À propos deWallace Eckert, Herb Grosch a dit, “S’il avait voulu abandonner l’astronomie et devenir un informaticien, je suis sûr qu’il aurait été beaucoup plus connu. Ses contributions étaient énormes, mais elles étaient dissimulées par le fait qu’il les avait vraiment faites pour mieux faire de l’astronomie “(Computer Museum lecture, 22 Octobre, 1982). Et plus tard, “S’il y avait eu un prix Nobel d’astronomie [Eckert] et ses confrères Dirk Brouwer à Yale et Gérald Clémence à l’Observatoire de la Marine, ils l’auraient gagné pour les énormes contributions qu’ils ont apportées à notre connaissance exacte du mouvement de la Lune et les planètes, en utilisant les équipements SSEC et ultérieurs d’IBM. ” [57,p.118].

En 1973, peu après sa mort, les contributions d’Eckert à l’astronomie et à l’informatique ont été célébrées lors d’une exposition à la Smithsonian Institution de Washington:

Questions Ouvertes:

  • Le rôle d’Eckert dans le développement des ordinateurs modernes est largement méconnu et, à mon avis, sous-estimé. Sa principale contribution est la réalisation du séquençage automatique, une première en 1933-1934 avec sonAppareil d’observation de Rutherford, puis dans une certaine mesure en 1941-1946 avec l’Observatoire de la marine (dans son imprimante de table à carte), puis au Watson Lab d’après-guerre de Columbia, d’abord avec les calculatrices à relais expérimentales Nancy et Virginia,puis avec SSEC et NORC. Une forme de séquençage automatique était présente dans les d’IBM calculateurs Aberdeen Relay (1944) et au moins un historien(référence Campbell-Kelly ci-dessous) attribue à Eckert (mais sans attribution) d’avoir “spécifié” ces machines alors qu’il se trouvait à l’observatoire naval, alors que John McPhersonmentionne des voyages en temps de guerre avec Eckert au laboratoire de recherche Ballistics [74]. Herb Grosch dit :

À propos des Aberdeen, je suis de votre côté : je ne peux m’empêcher de croire que [Eckert] y a contribué. Mais il ne semble pas y avoir de trace de preuves.
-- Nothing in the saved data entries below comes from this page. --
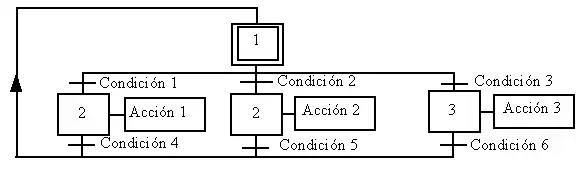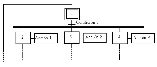 En las secuencias simultáneas varios ciclos pueden estar funcionando a la vez por activación simultánea de etapas. En el siguiente ejemplo, cuando se cumple la condición 1 las etapas 2, 3 y 4 se activan simultáneamente: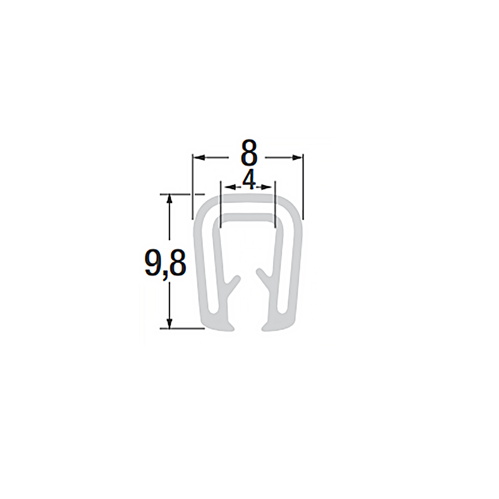 Joint protection bord de tôle 9.8x8mm - PVC insert de sangle en silicone - plage de serrage 2-3mmdrawing_1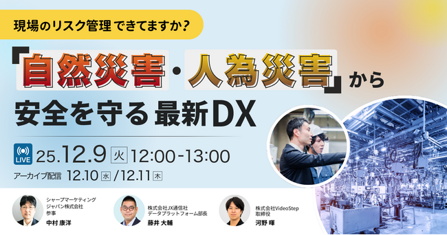 JX通信社、シャープマーケティングジャパン、VideoStepと無料共催ウェビナー開催|「現場のリスク管理できてますか? “自然災害・人為災害”から安全を守る最新DX」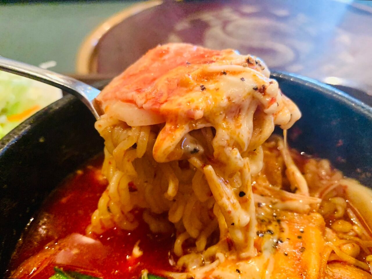 ハムやウィンナー、ベーコン、韓国おでん、トック(餅)、インスタント麺、チーズ、野菜と具沢山。

Par exemple, comment a-t-il “commandé” ceux pour le WSCL ? Cela, faisait-il partie de son processus d’embauche au début de 1945? IBM est allé si vite avec le vieil homme aux contrôles – augmentant le cycle de production de trois (deux mises à niveau et Dahlgren) à cinq aurait été un jeu d’enfant, et pas un mot n’a besoin d’être écrit. Mais cela implique que Wallace savait que la mise à niveau devait avoir lieu alors qu’il se trouvait toujours à l’observatoire naval ! Je parie que Cunningham lui a parlé au téléphone à la fin de 1944, peut-être à plusieurs reprises, mais nous ne le saurons jamais.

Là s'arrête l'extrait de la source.